But I don't think we are there where just, like, you don't need the data team. Let's just ask a question. Almost guaranteed that the answer will be wrong. So data engineer in that regard, data engineering and data engineers, are definitely not going to lose their jobs because now it's easy to generate SQL from text.
[00:16:19] Tobias Macey:
And in the context even of that text to SQL use case, what I've been hearing a lot is that it's not even very good at that. One, because LLMs are bad at math and SQL is just a manifestation of relational algebra, thereby math. But that if you bring a knowledge graph into the system where the AI is using the knowledge graph to understand what are the relations between all the different entities from which it then generates the queries, it actually does a much better job. But, again, you'd have to build the knowledge graph first. And I think maybe that's one of the places where bringing AI earlier in the cycle is actually potentially useful, where you can use the AI to do some of that root work of saying, here are all the different representations that I have of this entity or this concept across my different data sources.
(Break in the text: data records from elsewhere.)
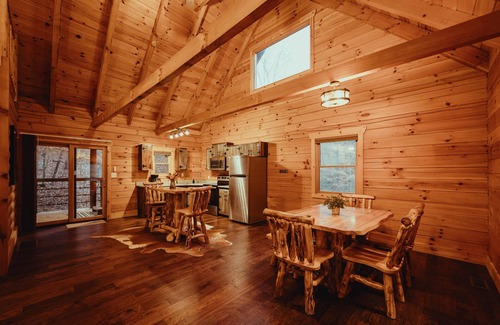 The Hilltop cabin is a perfect getaway for family vacations, friends' getaways, or group adventures! With two bedrooms (queen, full), a large loft (queen bed), and a fully equipped kitchen, The Hilltop is ideal for up to 6 guests. Enjoy the outdoors, nature, and fun in this serene retreat. Nestled in a premier hiking area, this cozy, pet-friendly cabin is minutes from waterfalls, caves, and scenic trails. Relax in the spacious lounge with a pool table, enjoy cozy movie nights with Roku TV and Wi-Fi, and unwind in the private hot tub or around the fire pit.
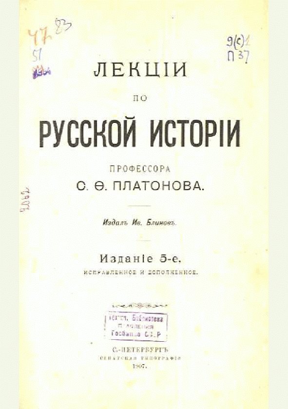 Платонов, С.Ф. Лекции по русской истории / С.Ф. Платонов. — 5-е изд., испр. и доп.. — Санкт-Петербург : Издал И. Блинов, 1907. — 651 с.. — . Напечатано по старой орфографии. — (в пер.) : 60.00 р.
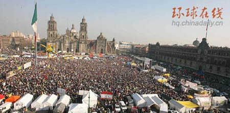 在卡爾德龍就職當(dāng)天,失利的奧夫拉多爾在首都墨西哥城帶領(lǐng)數(shù)萬(wàn)名支持者舉行了“和平抗議偽總統(tǒng)就職”的活動(dòng)。奧夫拉多爾表示:“我們沒(méi)有放棄,我們永遠(yuǎn)不會(huì)接受他。”民意測(cè)驗(yàn)顯示,20%的墨西哥人相信奧夫拉多爾是被欺騙了。

Give me a first pass of what a unified model looks like to be able to represent that given all of the data that I have about it and all the ways that it's being represent that given all of the data that I have about it and all the ways that it's being represented. And I'm wondering what you've seen in that context of bringing the AI into that data modeling, data curation workflow of it's not the end user interacting with it. It's the data engineer using the AI as their copilot, if you will, or as their assistant to be able to do some of that tedious work that would otherwise be okay. Well, I've got 15 different spreadsheets. I need to visually look across them and try and figure out the similarities and differences, etcetera.
[00:17:50] Gleb Mezhanskiy:
Yeah. That's a good point, Tobias. I would say that there are I have two thoughts there. On how the EI plugs in to actually make text to SQL work, yes, you absolutely need that kind of semantic graph of what it what datasets you have, how are they related, what are all the metrics, how those metrics are computed. And in that regard, what's really interesting is that the metrics layer that was, at some point, a really hot idea in the modern data stack probably about for, you know, three to five years ago. And then everyone was really disappointed with how little impact it actually made on on the data team's, productivity and just overall on the data stack. It almost like now now it's the metric layer's time. Because if you take the metrics layer and, which gives you a really structured representation of the core entities and the metrics, putting the text to SQL is almost, like, the most impactful thing that you can do because then you have a structured preservation of your data model, which allows AI to be very, very effective at being able to answer questions while being while while operating on a structured graph.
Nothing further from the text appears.